'Trumpizm'in zaferi ve nedenleri üzerine
https://w.soundcloud.com/player/?url=https%3A//api.soundcloud.com/tracTrump’ın kazanması sürpriz olmadı değil mi? Avrupa ve tabii Türkiye’de liberalizmi yeniden yorumlayan, geleneksel siyaset yöntemlerine sırtını dönmüş...

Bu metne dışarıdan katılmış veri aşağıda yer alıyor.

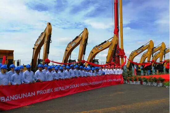 8月9日,在國(guó)務(wù)委員王勇和馬來西亞首相納吉布的見證下,由中國(guó)交建承建的馬來西亞東海岸鐵路開工儀式在彭亨州首府關(guān)丹舉行。該項(xiàng)目是目前中國(guó)企業(yè)海外在建的最大工程,也是“一帶一路”倡議下最大的單體建設(shè)項(xiàng)目。儀式上,三一的混凝土泵車、挖掘機(jī)、旋挖鉆機(jī)、起重機(jī)等大型機(jī)械設(shè)備集體亮相,備受各方矚目。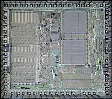 By the mid-1970s, Motorola's MOS design techniques had become less advanced than their competition, and their fabrication lines at times struggled with low yields. By the late-1970s, the company had entered a technology exchange program with Hitachi, dramatically improving their production capabilities. As part of this, a new fab, MOS-8, was built using the latest 5-inch wafer sizes and Intel's HMOS process with a 3.5 μm feature size.[19] This was an investment aimed at catching the competition: even upstart semiconductor companies such as Zilog and MOS Technology had introduced CPUs fabricated on depletion-mode NMOS logic before Motorola did. In fact, Motorola may have substantially lagged contemporaries in phasing out enhancement mode and metal gate, with the director of 68k-series products Tom Gunter recollecting that the 68000 itself had to succeed despite initially adopting a metal-gate design.[20] Though the point about playing catch-up is clear, this could not have been an entirely accurate summary because Motorola's 1976 datasheets, predating the inception of the MACCS project, denote the majority of its 6800 family in silicon-gate.[21] Indeed, Gunter's own 1979 article introducing the 68000 highlighted it as a silicon-gate depletion-mode HMOS design.[22] Whatever the degree of Motorola's process and manufacturing deficits in the early days, the team was undeterred and would not compromise in its pursuit of a microprocessor with industry-leading performance.[23]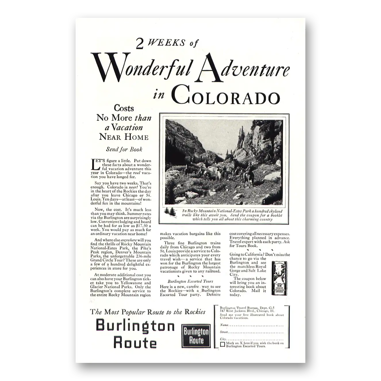 This is an original 1927 Burlington Route print ad published by Burlington Route.
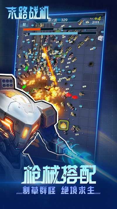 末路战机是款战机射击手游,游戏玩法精彩刺激,给你带来无限的射击快感。玩家可以自由搭配枪械,在击杀怪物的同时也在不断地吸收经验增加战斗的实力,游戏场景中有许多补给,强力武器,道具,技能等,越到后期越能感受到射击的魅力。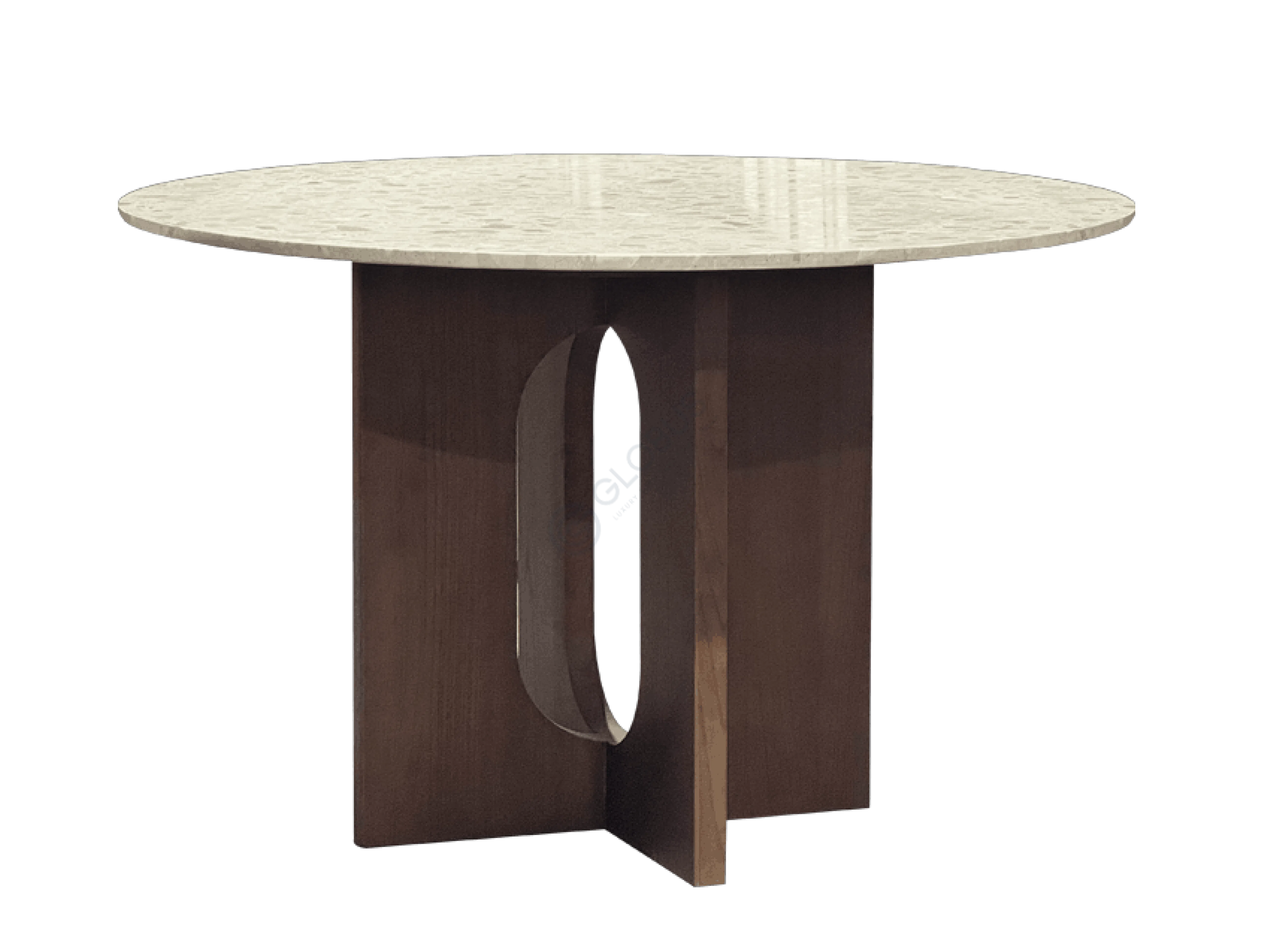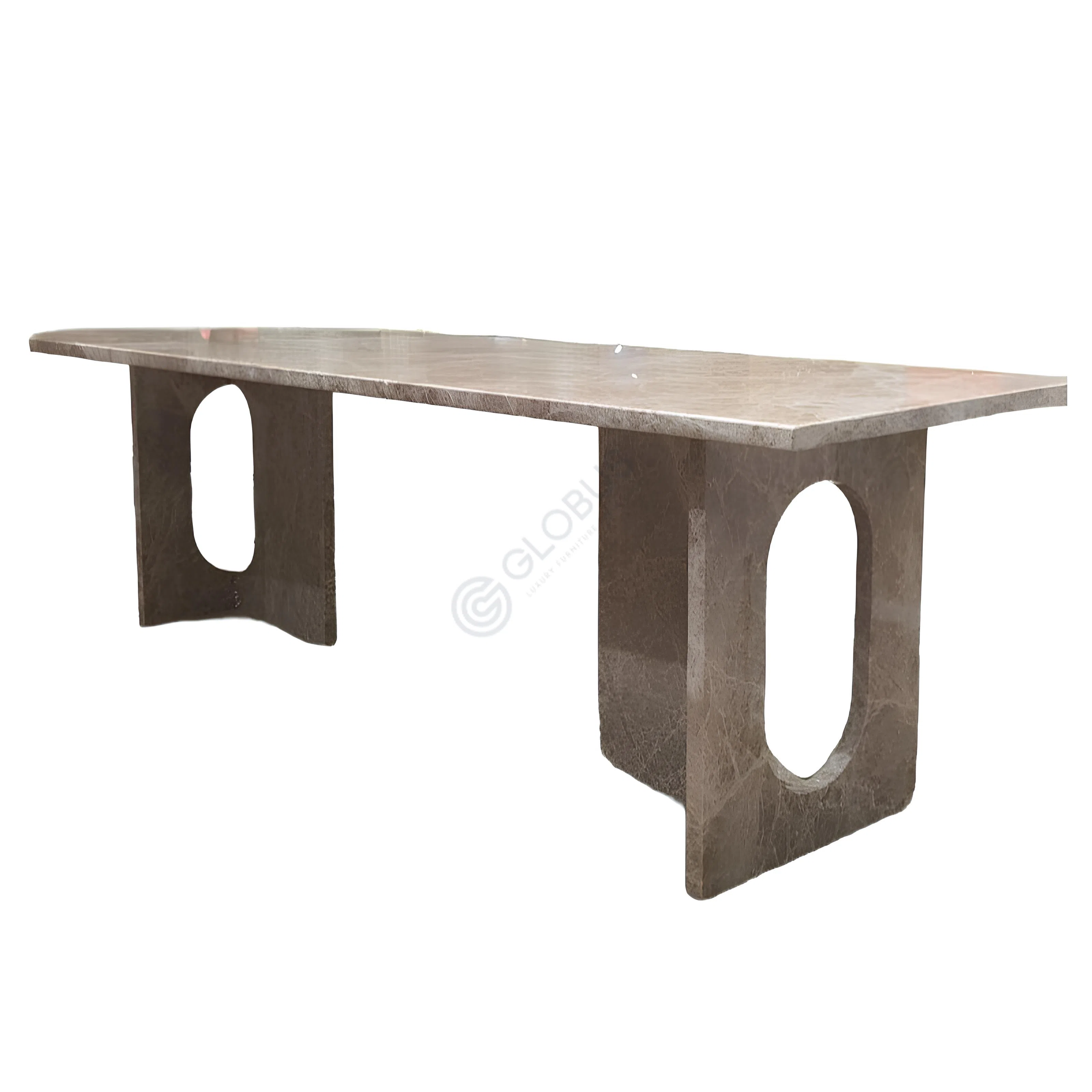A striking design element is the central vertical open channel that runs through the body of the table. This feature adds visual interest and a sense of lightness to the solid structure, creating a distinctive profile.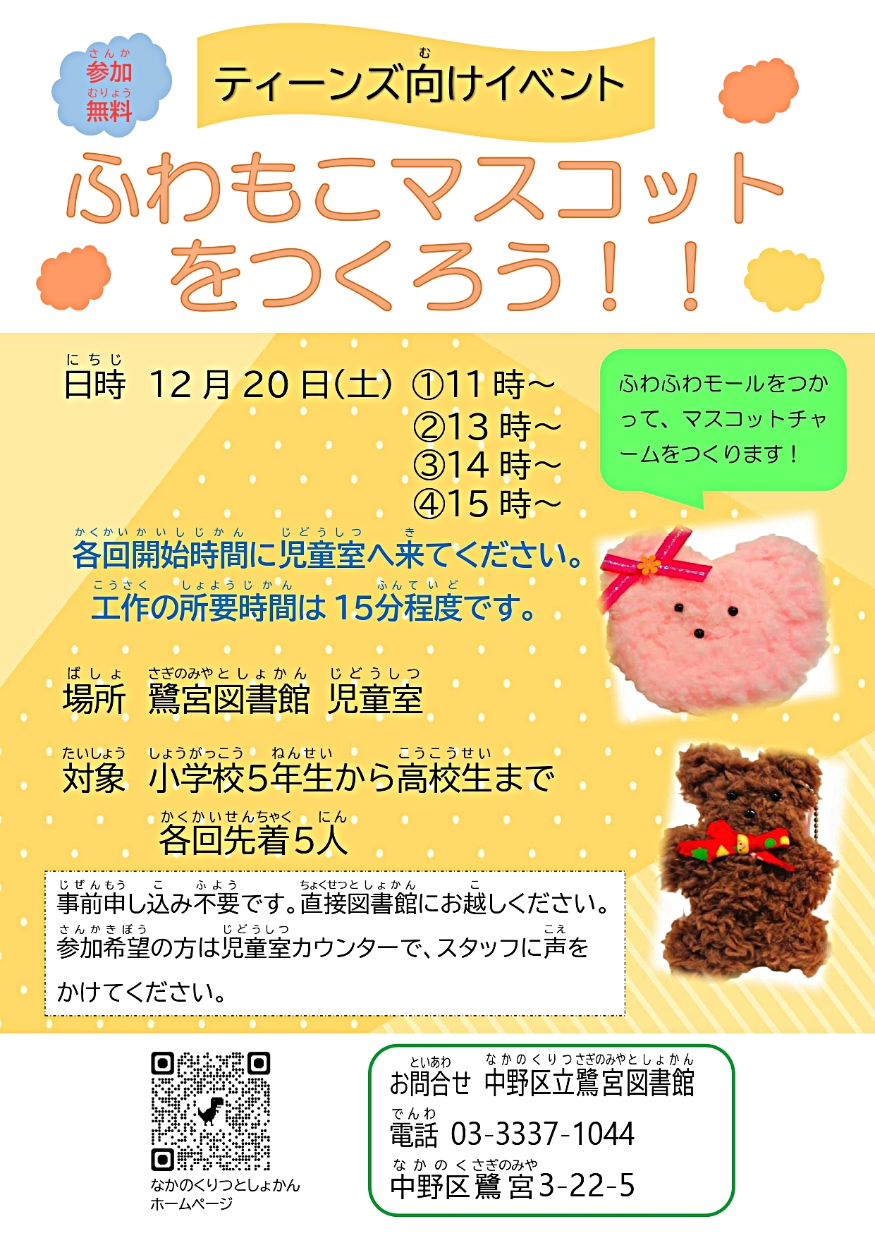 参加希望の方は各回の開始時間に鷺宮図書館の児童室へ来てください。好きな色のモールでオリジナルのマスコットチャームを作ろう!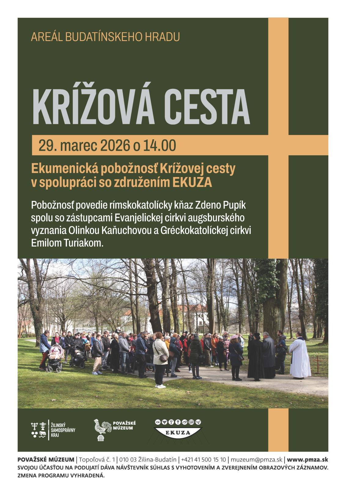 Na Kvetnú nedeľu sa v areáli Budatínskeho parku uskutoční ekumenická Krížová cesta. Pobožnosť povedie rímskokatolícky kňaz Zdeno Pupík spolu so zástupcami Evanjelickej cirkvi augsburského vyznania a Gréckokatolíckej cirkvi.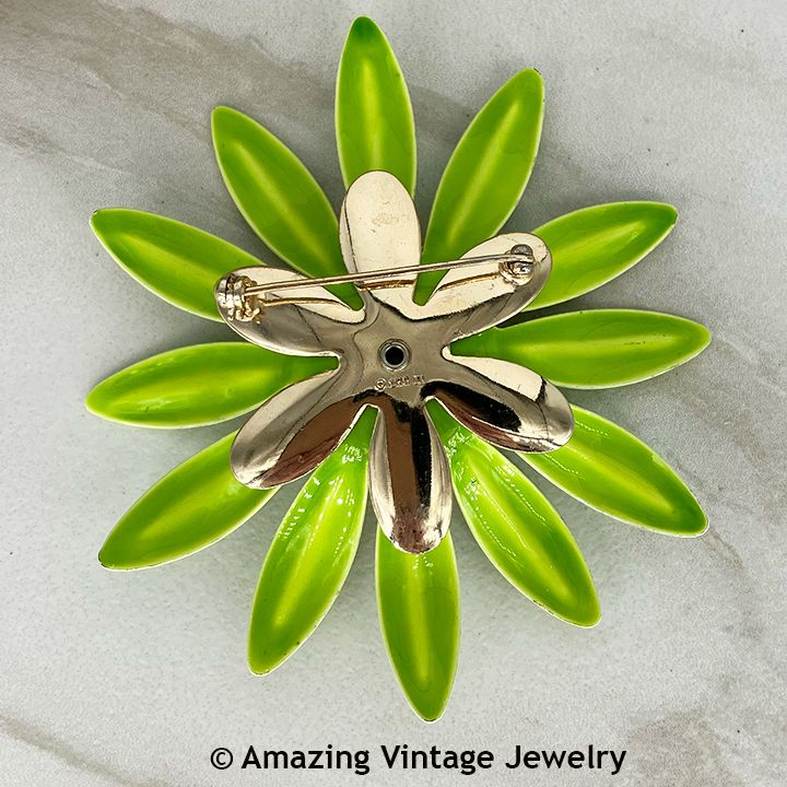 Pin - Sarah Coventry. "FASHION PETALS" from 1968. This large, fashionable flower has shiny green enamel petals with goldtone center. 3 1/8" in diameter. Very good condition with a teeny tiny chip to the tip of one of the petals - it doesn't even show up in the photo. Photo is the exact piece you will receive.

Trump’ın kazanması sürpriz olmadı değil mi? Avrupa ve tabii Türkiye’de liberalizmi yeniden yorumlayan, geleneksel siyaset yöntemlerine sırtını dönmüş, aşırı iyimser, hayatı sosyal medya tadında yaşamak isteyen çevreler için hayal kırıklığı oldu ama. Yıkılmasalar da sarsıldılar diyebiliriz. Çünkü Trump’ın seçilme ihtimalinin korkusuyla, Amerikalıları iki-üç yıl öncesinden uyarmışlardı. Eski ABD başkanının geri gelmemesi için radikal önerilerde bulunarak, muhalefetin Trump’a karşı birleşmesi gerektiğini söylüyorlardı. New York Times’ın tek amacı bu çağrıyı ete kemiğe büründürmek olmuştu neredeyse. Trump, Putin ve Erdoğan korelasyonuna dikkat çekiyorlar, aslında Amerikalıları “tehdit” ediyorlardı.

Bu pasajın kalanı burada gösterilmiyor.